Database Credentialed Access
MIMIC-III-Ext-tPatchGNN
Published: April 9, 2025. Version: 1.0.0
When using this resource, please cite:
(show more options)
Yin, C., & Zhang, W. (2025). MIMIC-III-Ext-tPatchGNN (version 1.0.0). PhysioNet. https://doi.org/10.13026/ckn0-3868.
Please include the standard citation for PhysioNet:
(show more options)
Goldberger, A., Amaral, L., Glass, L., Hausdorff, J., Ivanov, P. C., Mark, R., ... & Stanley, H. E. (2000). PhysioBank, PhysioToolkit, and PhysioNet: Components of a new research resource for complex physiologic signals. Circulation [Online]. 101 (23), pp. e215–e220.
Abstract
This dataset is a curated subset of MIMIC-III (v1.4), specifically formatted to facilitate reproducibility of the experiments in the work t-PatchGNN. It serves as part of a benchmark designed for forecasting irregular multivariate clinical time series, that is, given a set of historical Irregular Multivariate Time Series (IMTS) observations and forecasting queries, the forecasting problem aims to accurately forecast the values in correspondence to these queries. This requires addressing key challenges such as missing data, variable sampling rates, and complex temporal dependencies. The dataset includes patient records with diverse physiological measurements, each sampled at irregular intervals, reflecting real-world clinical scenarios. It is structured to capture both short-term and long-term temporal patterns, making it well-suited for evaluating machine learning models in medical time series forecasting. By providing a standardized benchmark, this dataset aims to advance research in predictive modeling for healthcare, enabling the development of robust algorithms that can handle irregular and sparse clinical data. The dataset’s applications extend to critical areas such as early disease detection, patient risk stratification, and treatment outcome prediction, making it a valuable resource for the medical AI and machine learning communities.
Background
Irregular multivariate time series data are prevalent in real-world applications, particularly in healthcare [1], where data collection often occurs at inconsistent intervals and involves multiple variables.
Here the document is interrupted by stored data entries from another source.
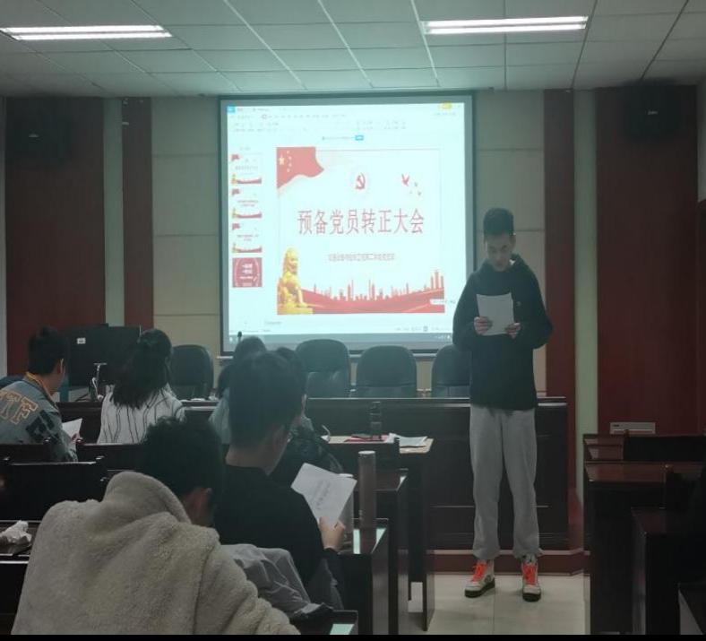 会议伊始,马赛同志介绍了此次会议的基本流程及相关要求。紧接着,三位预备党员依次宣读«转正申请书»并介绍自己在预备党员期间的基本情况。曾浩洋同志扎实开展学生工作,作为班委能够深入群众、服务群众。李致远同志积极参与志愿服务工作,将服务他人的精神落实在实践当中;孙金库同志在学习、竞赛方面表现优异,起到了良好的模范带头作用。
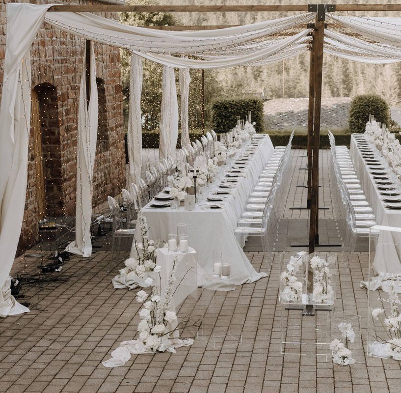 Im Gegensatz zu festen Pavillons bietet der Dinner Frame maximale Flexibilität. Dank des durchdachten Steck- und Schraubsystems lassen sich die Segmente nahtlos aneinanderreihen. So entsteht ein beeindruckender Tunnel-Effekt über die gesamte Länge Ihrer Festtafel – egal ob 6, 12 oder 30 Meter.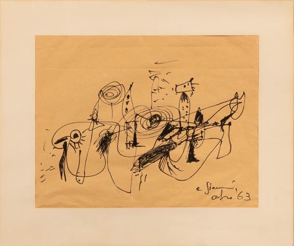 pennarello su carta velinaFirmato in basso a destra afro 63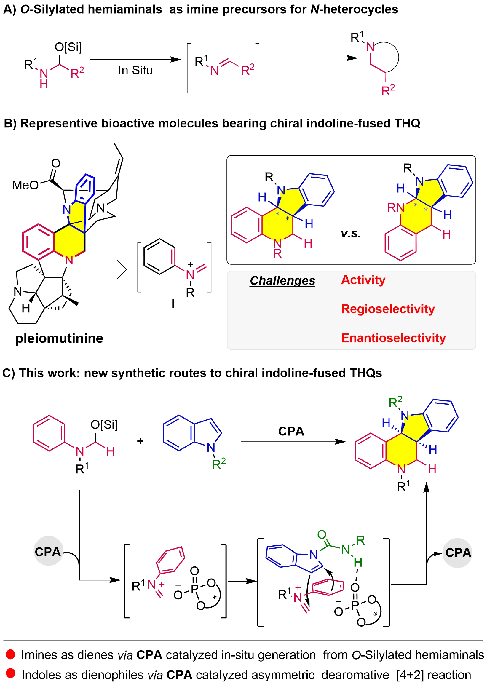 Imines are important synthons in the asymmetric synthesis of chiral nitrogen heterocycles, which constitute a privileged structural motif prevalent in biologically active compounds. The rising percentage of nitrogen heterocycles in approved pharmaceuticals[1] underscores the urgent need to enhance structural diversity in these molecules and advance imine-based synthetic methodologies. In recent years, O-silylated hemiaminals have emerged as highly reactive imine precursors, which can in situ generate various methanimines and thus circumvent several issues inherent to conventional preformed imines (Figure 1A)[2-22]. However, to the best of our knowledge, the chemical space of these imine precursors remains constrained in asymmetric synthesis[23-28], particularly for constructing chiral nitrogen heterocycles[29-31].

Such data pose significant modeling challenges due to irregular sampling, missing values, and the need to capture both temporal and inter-variable relationships [2].
This research addresses these challenges by proposing a novel methodology, Transformable Patching Graph Neural Networks (t-PatchGNN). The approach leverages graph-based modeling techniques, introducing a patching mechanism that transforms irregular data into structured representations. This enables effective forecasting while preserving the temporal and multivariate characteristics inherent in the data.
To support the evaluation of the proposed methodology, a dataset processed from the publicly available MIMIC-III clinical database is used. MIMIC-III serves as a general-purpose resource for benchmarking methods that handle irregular time series, due to its diverse and complex clinical data. The dataset processing follows the methodology described in "Neural Flows: Efficient Alternative to Neural ODEs [3]," which efficiently handles irregularities in time series data and ensures compatibility with a wide range of model architectures.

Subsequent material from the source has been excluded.